# my new tiel!



## chkinut (Dec 9, 2011)

hi guys! i am currently waiting for a baby from a breeder in my area. but today i went into the petstore and fell in love with a w/f Lutino! there was a sign on his/her cage that said "semi tame" which is what i'm looking for since it's my 1st tiel. i slowly put my hand in the cage while in the petstore and he/she just moved away from me, but no hissing or intimidating gestures at ALL. and i have seen very untame tiels before, and this one was nice. so, i took him/her home! i don't have a name for him/her yet, i don't know what the sex is. the guy at the store said the person who knows any history about him won't be in till Friday. why in the world can't they write the history down on paper (or the computer) so ALL workers at the store can help customers?   anyway, i loved him so much i got him anyway and i will call on friday to find out any details. he seems to be doing well so far in his new home and comes up to the front of cage quite willingly when i'm near. i've put my hands and arm in the cage to give him a couple new things that i bought him (new perch and bird kabob) and no problems (no hissing, no flattening his/her crest etc). i have her cage next to my budgie cage and i have a tiffany lamp style chicken night light to help my birds not to have night frights. anyway, i went in there with a high powered flash light after all the birds went to bed and i shown it on the underside of her tail to see if i could see any barring to try to determine if she is a girl. and i saw NO barring. does that mean he's a boy? i DO know that he/she is NOT a baby.


----------



## MeanneyFids (Aug 24, 2010)

WF lutino may not show bars, theyre pure white. you may need to go by behaviour for her. shes gorgeous!!


----------



## JaimeS (Nov 28, 2011)

Beautiful bird! Congratulations!


----------



## chkinut (Dec 9, 2011)

thanks! i'm thinking she's female. i know i haven't had her for long, but so far, no whistling or beak banging. she flock calls, but i think that's normal for both sexes. i thought she was "albino" but after researching i discovered there are no albino tiels...lol. and i found out the correct terminology. i have a female lutino parakeet (all yellow) and i know that females are much more common than males with the keets. does anyone know if the same holds true to a w/f lutino tiel?


----------



## MeanneyFids (Aug 24, 2010)

its the same with tiels too. WF lutinos are lutinos, only they are whiteface too.

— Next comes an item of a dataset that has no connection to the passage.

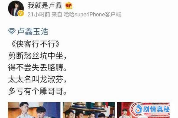 我们大家很快就等来了解释,从卢鑫发表的动态我们不难发现,他直接把矛头指向了节目组。他做的一首四句打油诗初看没什么,但细看很容易就能发现端倪,开头四个字连在一起,就是这一次节目令人失望的原因,“剪得太多”着实是尴尬啊。如果不去现场的话,大家伙就只能通过媒体观看,可这样一来,我们看到的就不是“原汁原味”了,很多地方都经过了剧组的剪辑,连续性肯定会受到干扰。

whiteface genes remove the red and yellow from the plumage. lutino removes the grey. combine the two, you get a pure white bird with red eyes. a clear whiteface pied can be pure white but they will not have red eyes. your bird is a WF lutino and likely a female


----------



## chkinut (Dec 9, 2011)

hooray! thanks DallyTsuka! of course i'd be happy with a sweet boy too, but a female is my 1st choice. if anyone has any name ideas, please give me some input!!


----------



## MeanneyFids (Aug 24, 2010)

shes not guaranteed female, but better chances she is. try for something gender neutral still. unless you want to do a DNA test, which only cost $20 through a company 

im not the best on deciding on names LOL


----------



## allen (Aug 25, 2007)

unless both parents are wf lutino you will not be guaranteed a female but most wf lutinos are female if she has a leg band you may be able to track down the breeder


----------



## MeanneyFids (Aug 24, 2010)

allen, isnt it both parents to be a male?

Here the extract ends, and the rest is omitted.